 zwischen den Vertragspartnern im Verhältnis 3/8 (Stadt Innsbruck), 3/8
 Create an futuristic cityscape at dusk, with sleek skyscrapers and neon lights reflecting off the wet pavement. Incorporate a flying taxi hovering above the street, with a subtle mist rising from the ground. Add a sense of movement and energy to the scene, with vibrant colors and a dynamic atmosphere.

================

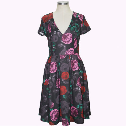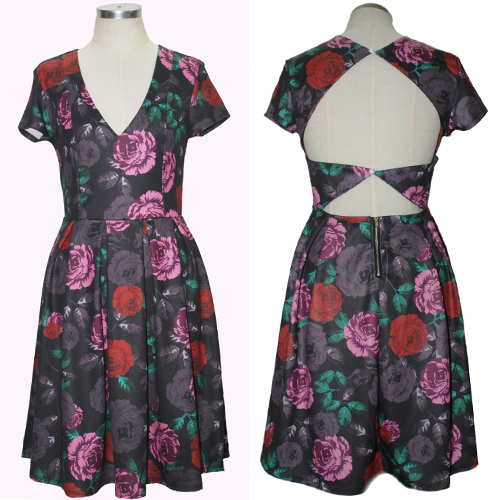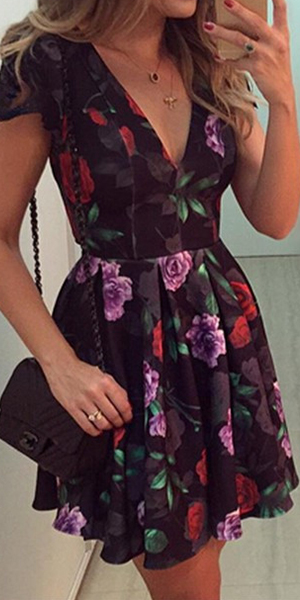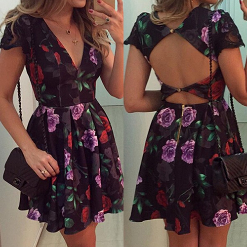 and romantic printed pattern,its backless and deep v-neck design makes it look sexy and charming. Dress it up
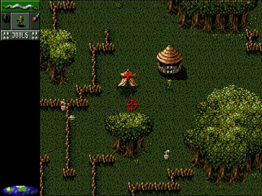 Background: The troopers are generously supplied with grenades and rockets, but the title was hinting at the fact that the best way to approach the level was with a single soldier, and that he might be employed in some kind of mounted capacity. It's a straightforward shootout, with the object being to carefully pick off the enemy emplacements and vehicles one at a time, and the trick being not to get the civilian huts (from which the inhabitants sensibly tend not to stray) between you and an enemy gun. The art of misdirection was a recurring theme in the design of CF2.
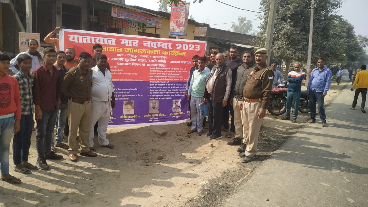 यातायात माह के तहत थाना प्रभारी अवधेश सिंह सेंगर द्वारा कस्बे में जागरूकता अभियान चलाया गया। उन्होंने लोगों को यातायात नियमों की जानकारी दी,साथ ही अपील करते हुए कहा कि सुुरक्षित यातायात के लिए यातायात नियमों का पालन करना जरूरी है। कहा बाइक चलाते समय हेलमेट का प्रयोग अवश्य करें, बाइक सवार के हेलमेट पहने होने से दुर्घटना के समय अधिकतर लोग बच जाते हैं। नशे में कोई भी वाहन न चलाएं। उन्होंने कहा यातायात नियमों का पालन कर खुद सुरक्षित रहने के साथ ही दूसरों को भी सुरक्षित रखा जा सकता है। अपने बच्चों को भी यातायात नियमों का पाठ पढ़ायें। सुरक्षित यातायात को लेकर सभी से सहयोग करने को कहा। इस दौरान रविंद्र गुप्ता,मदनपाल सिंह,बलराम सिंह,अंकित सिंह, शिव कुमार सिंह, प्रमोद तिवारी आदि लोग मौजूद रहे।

================

▶ _What you need to do_
Taking the records above, retype every line from the one with "zwischen den Vertragspartnern" down to the one with "Create an futuristic", exactly and with nothing else.

▶ _Exercise solution_
 zwischen den Vertragspartnern im Verhältnis 3/8 (Stadt Innsbruck), 3/8
 Create an futuristic cityscape at dusk, with sleek skyscrapers and neon lights reflecting off the wet pavement. Incorporate a flying taxi hovering above the street, with a subtle mist rising from the ground. Add a sense of movement and energy to the scene, with vibrant colors and a dynamic atmosphere.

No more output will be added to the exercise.